*How to complete this task*
This task calls for every entry below to be repeated exactly, without the pictures.

*Entries provided*
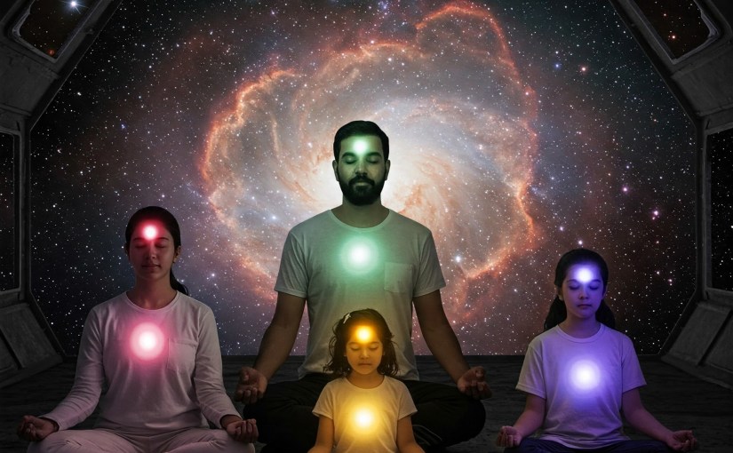 That evening, under the artificial lunar sky projection—a simulated sunset blending hues of gold and crimson—the Verma family resumed their practice. They sat together, closing their eyes, breathing deeply. The familiar vibrations of the bij mantras filled the air as each of them visualized their chosen chakra, feeling the gentle pulsations of energy rising within.
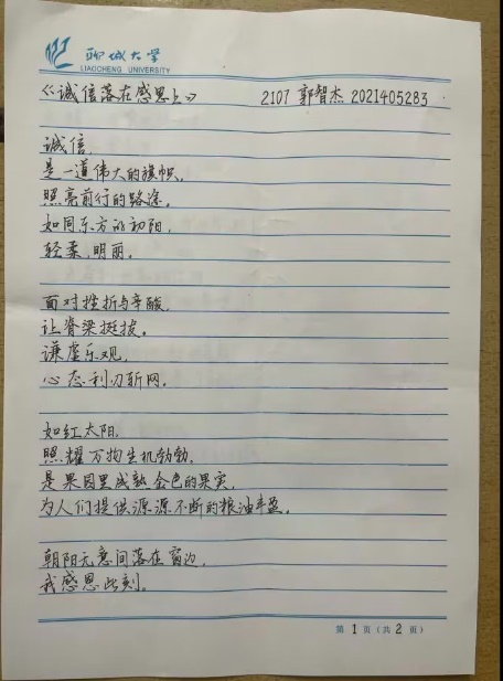 为让同学们深入了解感恩含义并将其真正地付诸实践,唤起同学们的感恩之心,培养同学们的感恩之情,6月4日,色情网站 于5#A309举办“诚信为本,感恩于心”征文活动。
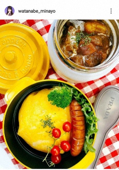 「次男くんのお弁当」との書き出しで、次男でタレントの矢島名月(17)のために作った、スープポットに入ったビーフシチューと、オムライス、ウインナー、野菜の弁当にプラダのスプーンをつけた写真などを投稿した。ハッシュタグでは「Minayoごはん」「ビーフシチュー」「スープポット」「熱々のお弁当」「オムライス」「高校生男子弁当」「行ってらっしやーい」などと書き添えた。
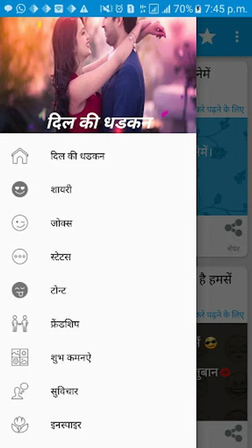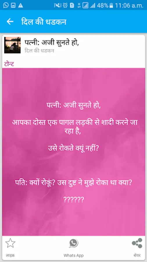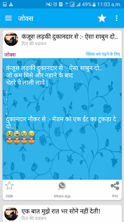 You can share easily with social media. Daily new updated jokes, shayari and status.
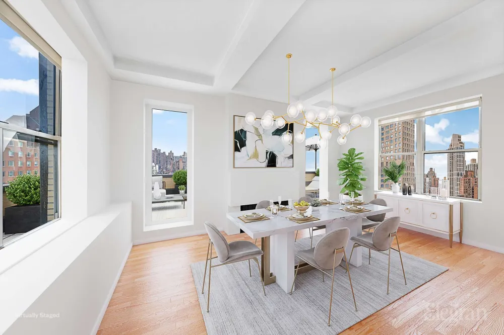 Perched atop a classic Upper East Side cooperative, Penthouse A at 225 East 79th Street is a grand, light-filled three-bedroom, three-bathroom duplex offering over 1,000 square feet of private outdoor wrap-around space and a layout that seamlessly blends prewar elegance with contemporary comfort.
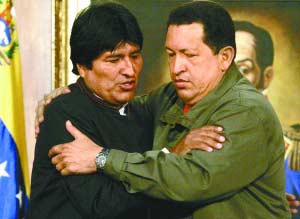 查韋斯于2001年提出“玻利瓦爾美洲國(guó)家替代計(jì)劃”,旨在加強(qiáng)拉美和加勒比地區(qū)國(guó)家間的經(jīng)貿(mào)合作和一體化,抵制美國(guó)倡導(dǎo)建立的美洲自由貿(mào)易區(qū)。該計(jì)劃目前有五個(gè)實(shí)施國(guó),分別為委內(nèi)瑞拉、古巴、玻利維亞、尼加拉瓜和多米尼加。不過(guò),多米尼加并未派遣代表參與此次會(huì)晤。
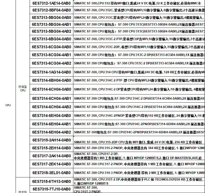 Siemens PLCS7-300CPU312/313C/314C/315/317/319-3/2PN/DP/ 6ES7313-5BG04-0AB0
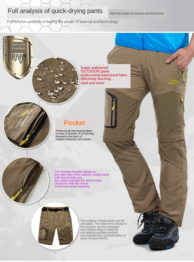 1. Супер водонепроницаемые походные брюки 2. Много карманов на молнии 3. Штаны могут быть съемными
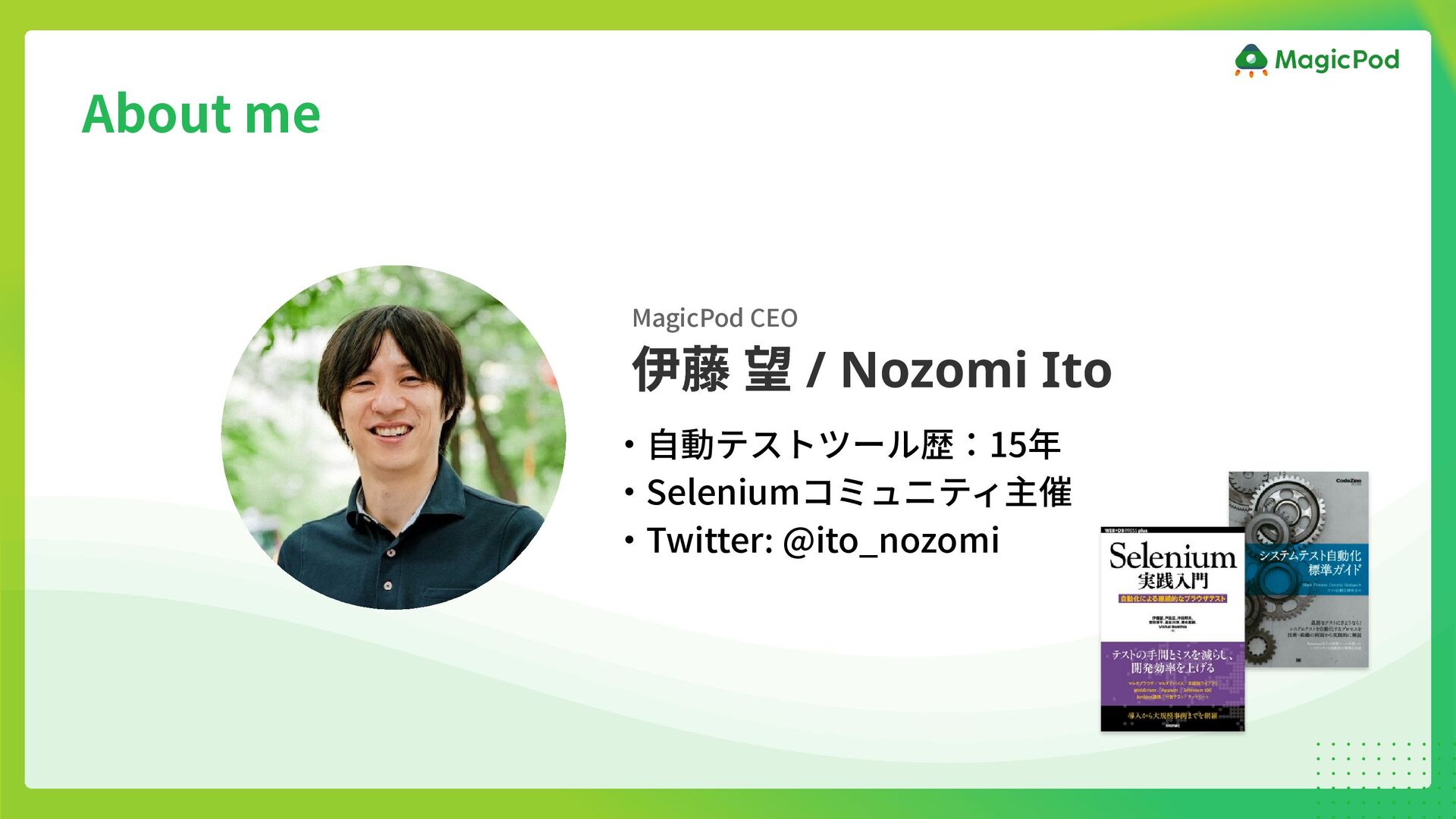 伊藤 望 / Nozomi Ito About me ・自動テストツール歴:15年 ・Seleniumコミュニティ主催 ・Twitter:
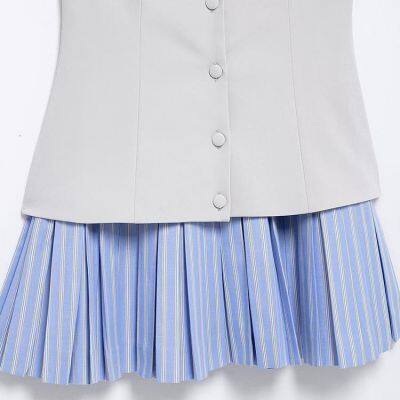 Women's new style spicy girl style poplin waist cinching patchwork suspender pleated short dress
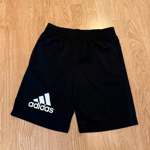 Adidas barneshorts for gutt i størrelse 152. Shortsen er svart med hvite striper på sidene. Laget av materiale egnet for barn.

*Result below*
 That evening, under the artificial lunar sky projection—a simulated sunset blending hues of gold and crimson—the Verma family resumed their practice. They sat together, closing their eyes, breathing deeply. The familiar vibrations of the bij mantras filled the air as each of them visualized their chosen chakra, feeling the gentle pulsations of energy rising within.
 为让同学们深入了解感恩含义并将其真正地付诸实践,唤起同学们的感恩之心,培养同学们的感恩之情,6月4日,色情网站 于5#A309举办“诚信为本,感恩于心”征文活动。
 「次男くんのお弁当」との書き出しで、次男でタレントの矢島名月(17)のために作った、スープポットに入ったビーフシチューと、オムライス、ウインナー、野菜の弁当にプラダのスプーンをつけた写真などを投稿した。ハッシュタグでは「Minayoごはん」「ビーフシチュー」「スープポット」「熱々のお弁当」「オムライス」「高校生男子弁当」「行ってらっしやーい」などと書き添えた。
 You can share easily with social media. Daily new updated jokes, shayari and status.
 Perched atop a classic Upper East Side cooperative, Penthouse A at 225 East 79th Street is a grand, light-filled three-bedroom, three-bathroom duplex offering over 1,000 square feet of private outdoor wrap-around space and a layout that seamlessly blends prewar elegance with contemporary comfort.
 查韋斯于2001年提出“玻利瓦爾美洲國(guó)家替代計(jì)劃”,旨在加強(qiáng)拉美和加勒比地區(qū)國(guó)家間的經(jīng)貿(mào)合作和一體化,抵制美國(guó)倡導(dǎo)建立的美洲自由貿(mào)易區(qū)。該計(jì)劃目前有五個(gè)實(shí)施國(guó),分別為委內(nèi)瑞拉、古巴、玻利維亞、尼加拉瓜和多米尼加。不過(guò),多米尼加并未派遣代表參與此次會(huì)晤。
 Siemens PLCS7-300CPU312/313C/314C/315/317/319-3/2PN/DP/ 6ES7313-5BG04-0AB0
 1. Супер водонепроницаемые походные брюки 2. Много карманов на молнии 3. Штаны могут быть съемными
 伊藤 望 / Nozomi Ito About me ・自動テストツール歴:15年 ・Seleniumコミュニティ主催 ・Twitter:
 Women's new style spicy girl style poplin waist cinching patchwork suspender pleated short dress
 Adidas barneshorts for gutt i størrelse 152. Shortsen er svart med hvite striper på sidene. Laget av materiale egnet for barn.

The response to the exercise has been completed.